Should a picture appear anywhere in the data, omit it and copy everything else exactly.

-- DATA EXCERPT follows --

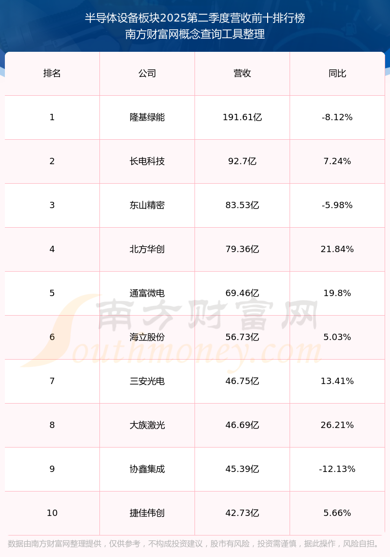 按照南方财富网概念查询工具统计,该股所属板块为半导体设备板块,该板块共有167只股票,屹唐股份2025第二季度营收在该板块中排名为第33名,该板块2025第二季度营收排名前十的股票如下表:
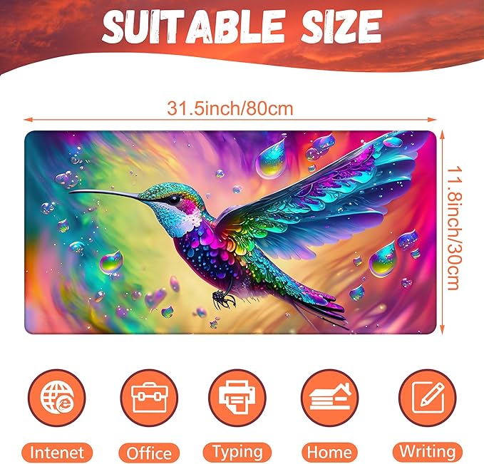 Large Gaming Mouse Pad for Desk, Colorful Hummingbird Desk Mat, Bright Hummingbird Desk Pad, 31.5"x15.7" Extended Big Computer Keyboard Mouse Pad with Non-Slip Base and Stitched Edge
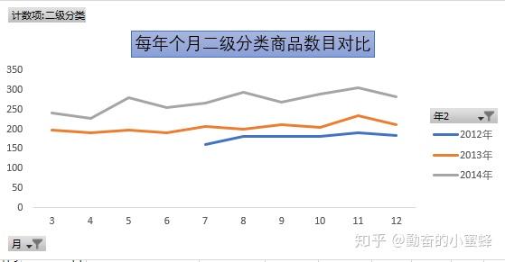 收集证据:下面是每年各月的二级分类商品数目对比

-- DATA EXCERPT concluded --

YOUR SOLUTION:
 按照南方财富网概念查询工具统计,该股所属板块为半导体设备板块,该板块共有167只股票,屹唐股份2025第二季度营收在该板块中排名为第33名,该板块2025第二季度营收排名前十的股票如下表:
 Large Gaming Mouse Pad for Desk, Colorful Hummingbird Desk Mat, Bright Hummingbird Desk Pad, 31.5"x15.7" Extended Big Computer Keyboard Mouse Pad with Non-Slip Base and Stitched Edge
 收集证据:下面是每年各月的二级分类商品数目对比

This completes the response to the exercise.